Data Set | Positive Samples | Neutral Samples | Negative Samples | Total Samples |
---|---|---|---|---|
Emotions | 188 | 28 | 1,090 | 1,306 |
filmstarts | 40,049 | 0 | 15,610 | 55,659 |
GermEval-2017 | 1,371 | 16,309 | 5,845 | 23,525 |
holidaycheck | 3,135,449 | 0 | 388,744 | 3,524,193 |
Leipzig Wikipedia Corpus 2016 | 0 | 1,000,000 | 0 | 1,000,000 |
PotTS | 3,448 | 2,487 | 1,569 | 7,504 |
SB10k | 1,716 | 4,628 | 1,130 | 7,474 |
SCARE | 538,103 | 0 | 197,279 | 735,382 |
Sum | 3,720,324 | 1,023,452 | 611,267 | 5,355,043 |
The data sets without the SCARE Dataset can be downloaded from here. Due to legal requirements, we can not provide the SCARE data set directly, but you can obtain the data from the author directly. However, if you are interested in this data, please obtain the Scare data set from the autors and integrate it usign our provided scripts to create the combined data set.
The unprocessed data set can be downloaded from here (1.5 GB), it contains all hotel and movie reviews, plus a set of neutral german texts.
The Filmstarts data set consists of 71,229 user written movie reviews in the German language. We have collected this data from the German website filmstarts.de using a web crawler. The users can label their reviews in the range of 0.5 to 5 stars.

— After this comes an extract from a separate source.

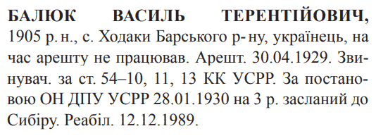 54-10, 54-11, 54-13 КК УССР. ОН при колегії ГПУ УССР засуджений до 3 років заслання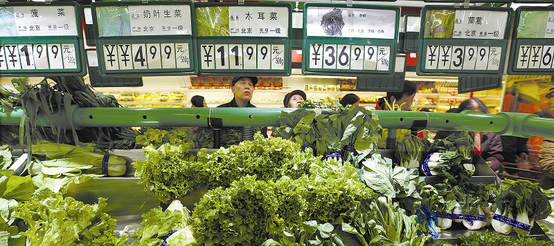 在中秋、国庆假期因素的拉动下,9月居民消费价格指数(CPI)一跃攀升至“3”时代。以鲜菜、肉类为代表的食品价格走高成为推升CPI上涨的直接推手。国家统计局日前公布的最新数据显示,9月,全国居民消费价格总水平同比上涨3.1%(同比涨幅创7个月新高)。其中,城市上涨3.0%,农村上涨3.3%;食品价格上涨6.1%,非食品价格上涨1.6%;消费品价格上涨3.1%,服务价格上涨2.9%。1-9月平均,全国居民消费价格总水平比去年同期上涨2.5%。图为北京市民在选购蔬菜时的情景。 本报记者董芳忠摄影报道

With 40,049 documents the majority of the reviews in this data set are positive and only 15,610 reviews are negative. All data was downloaded between the 15th and 16th of October 2018, containing reviews up to this date.
The holidaycheck data set contains hotel reviews from the German website holidaycheck.de. The users of this website can write a general review and rate their hotel. Additionally, they can review and rate six specific aspects: location & surroundings, rooms, service, cuisine, sports & entertainment and hotel. A full review contains therefore seven texts and the associated star rating in the range from zero to six stars. In total, we have downloaded 4,832,001 text-rating pairs for hotels from ten destinations: Egypt, Bulgaria, China, Greece, India, Majorca, Mexico, Tenerife, Thailand and Tunisia. The reviews were obtained from November to December 2018 and contain reviews up to this date. After removing all reviews with no stars or four stars, the data set contains 3,524,193 text-rating pairs.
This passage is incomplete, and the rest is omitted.